REQUIRED WORK - Reproduce the entries that follow exactly, dropping each image.

[Dataset entries]
*****

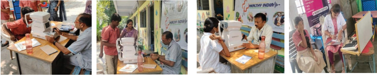
సూర్య మేజర్ న్యూస్

విద్యార్థుల ఆరోగ్యం మరియు శ్రేయస్సును పెంపొందించడానికి శ్రీ చైతన్య స్కూల్, మామిళ్లగూడెం బ్రాంచ్ లో విద్యార్థుల కోసం “ఐ కాం ప్స్” విజయవంతంగా నిర్వహించారు. ఈ కార్యక్రమం “స్టార్ట్ లివింగ్ ప్రోగ్రామ్ - హెల్త్ ఇండియా అనే విస్తృత అంశంలో భాగంగా నిర్వహించబడింది. ఇది విద్యార్థుల్లో ఆరోగ్యకరమైన జీవనశైలిని ప్రోత్సహించడం మరియు నివారణ ఆరోగ్య సంరక్షణపై అవగాహన కల్పించడం
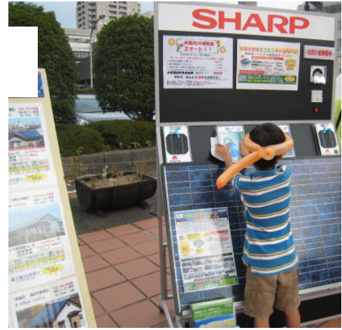
太陽光パネルを触るこども
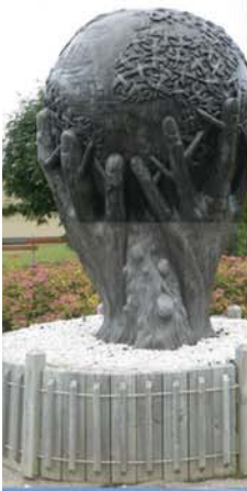
L'arbre du millénaire. Vision du passé, du présent et du futur - André Gamache - 2000
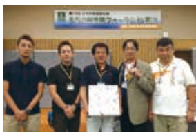
まちの駅全国大会 in とやま（2015年）
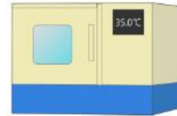
Llevar la placa en incubación
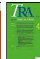
Tijdschrift Recht & Arbeid
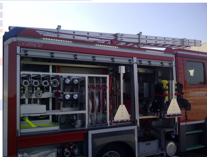
Das Bild zeigt eine mögliche Fahrzeugausstattung und ist nicht bindend.

Heckwarnpaneel: zur rückwärtigen Fahrzeugabsicherung, drei synchron blinkende LED-Felder
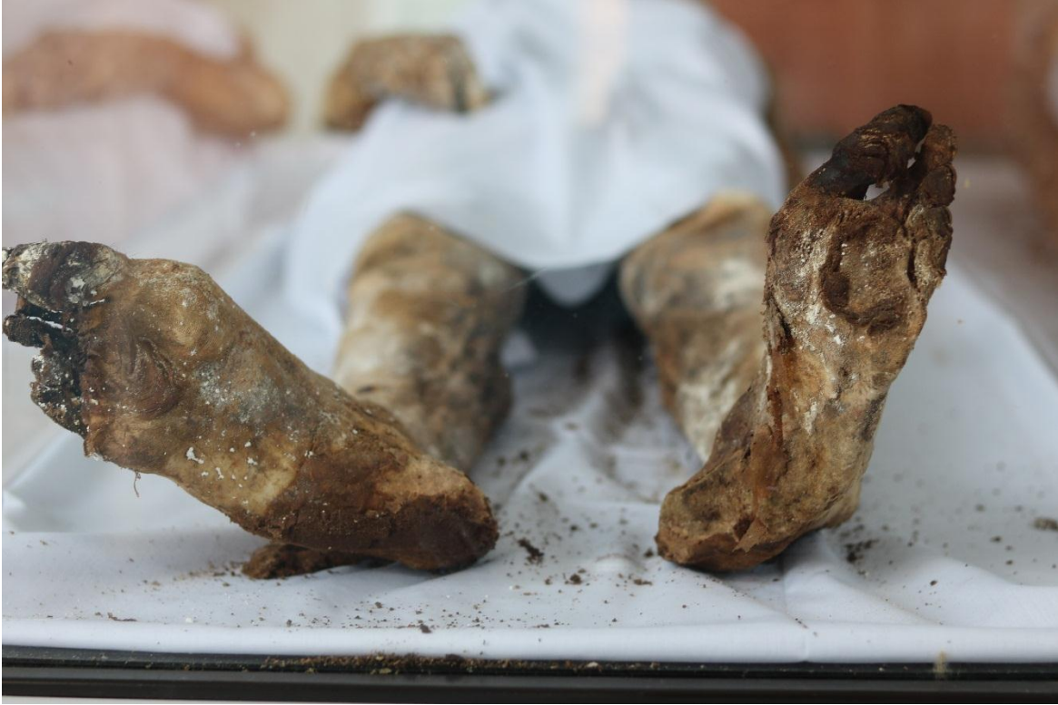
Imagen 18 – Pies del caso 4 – Fuente: Marco Rodríguez.
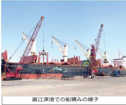
直江津港での船積みの様子

日本国内とアジアを 結ぶ日本海側の物流拠 点として2010年に1ト ン当たり1万6000 開設した直江津港。0 ト、シュレッダーを
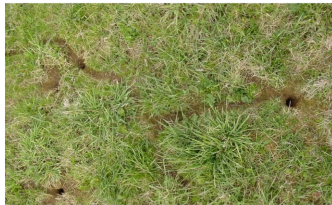
Campagnol des champs
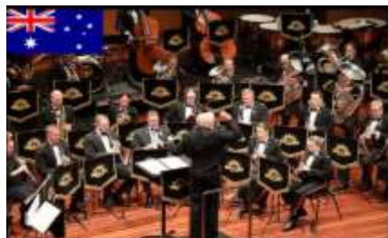
에들레이드 윈드 오케스트라 Adelaide Wind Orchestra

WASBE 예술위원회에서 엄선한 세계 최고의 WIND ORCHESTRA를 한자리에서 만날 수 있는 특별한 기회 WASBE 예술위원회에서 선정한 8개 국가 13개 팀의 공연으로 메인 공연 프로그램 구성
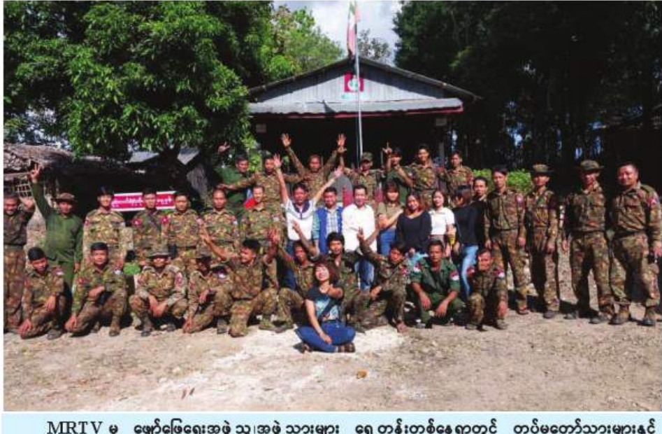
MRTV မှ ဖျော်ဖြေရေးအဖွဲ့၊ သူ့အဖွဲ့သားများ ရှေ့တန်းတစ်နေရာတွင် တပ်မတော်သားများနှင့် အမှတ်တရ စုပေါင်းဓာတ်ပုံ။
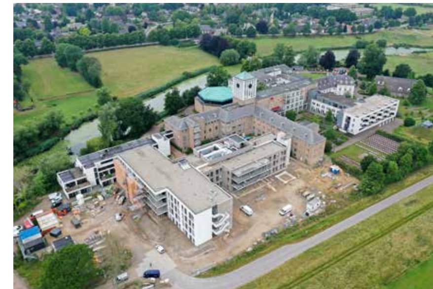
Zomer 2022: Overzicht van de huidige situatie; links vormt zich het uiteindelijke H-vormige gebouw.
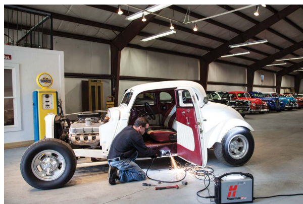
Reparații și modificări auto
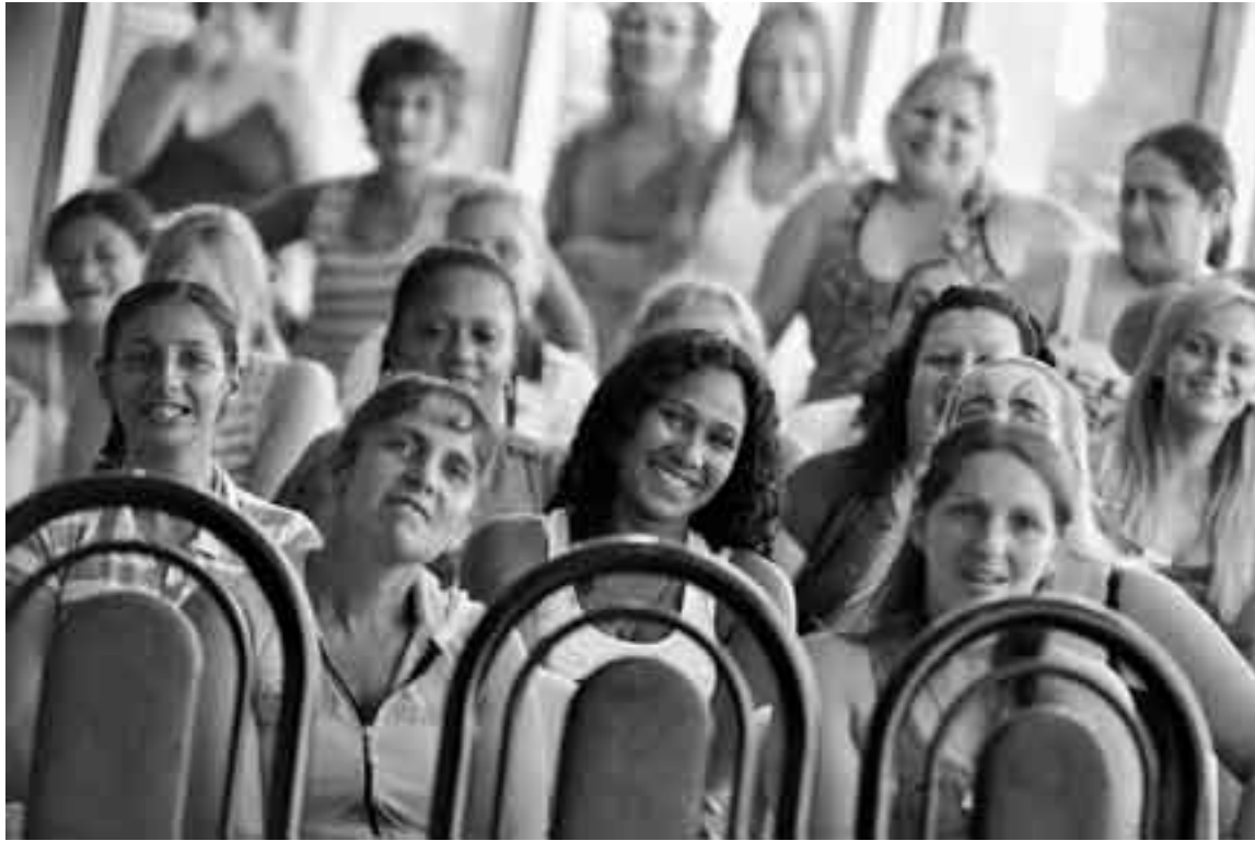
Actividad recreativa en el Centro Nacional de Rehabilitación.

*****

TASK RESULT -
సూర్య మేజర్ న్యూస్

విద్యార్థుల ఆరోగ్యం మరియు శ్రేయస్సును పెంపొందించడానికి శ్రీ చైతన్య స్కూల్, మామిళ్లగూడెం బ్రాంచ్ లో విద్యార్థుల కోసం “ఐ కాం ప్స్” విజయవంతంగా నిర్వహించారు. ఈ కార్యక్రమం “స్టార్ట్ లివింగ్ ప్రోగ్రామ్ - హెల్త్ ఇండియా అనే విస్తృత అంశంలో భాగంగా నిర్వహించబడింది. ఇది విద్యార్థుల్లో ఆరోగ్యకరమైన జీవనశైలిని ప్రోత్సహించడం మరియు నివారణ ఆరోగ్య సంరక్షణపై అవగాహన కల్పించడం
太陽光パネルを触るこども
L'arbre du millénaire. Vision du passé, du présent et du futur - André Gamache - 2000
まちの駅全国大会 in とやま（2015年）
Llevar la placa en incubación
Tijdschrift Recht & Arbeid
Das Bild zeigt eine mögliche Fahrzeugausstattung und ist nicht bindend.

Heckwarnpaneel: zur rückwärtigen Fahrzeugabsicherung, drei synchron blinkende LED-Felder
Imagen 18 – Pies del caso 4 – Fuente: Marco Rodríguez.
直江津港での船積みの様子

日本国内とアジアを 結ぶ日本海側の物流拠 点として2010年に1ト ン当たり1万6000 開設した直江津港。0 ト、シュレッダーを
Campagnol des champs
에들레이드 윈드 오케스트라 Adelaide Wind Orchestra

WASBE 예술위원회에서 엄선한 세계 최고의 WIND ORCHESTRA를 한자리에서 만날 수 있는 특별한 기회 WASBE 예술위원회에서 선정한 8개 국가 13개 팀의 공연으로 메인 공연 프로그램 구성
MRTV မှ ဖျော်ဖြေရေးအဖွဲ့၊ သူ့အဖွဲ့သားများ ရှေ့တန်းတစ်နေရာတွင် တပ်မတော်သားများနှင့် အမှတ်တရ စုပေါင်းဓာတ်ပုံ။
Zomer 2022: Overzicht van de huidige situatie; links vormt zich het uiteindelijke H-vormige gebouw.
Reparații și modificări auto
Actividad recreativa en el Centro Nacional de Rehabilitación.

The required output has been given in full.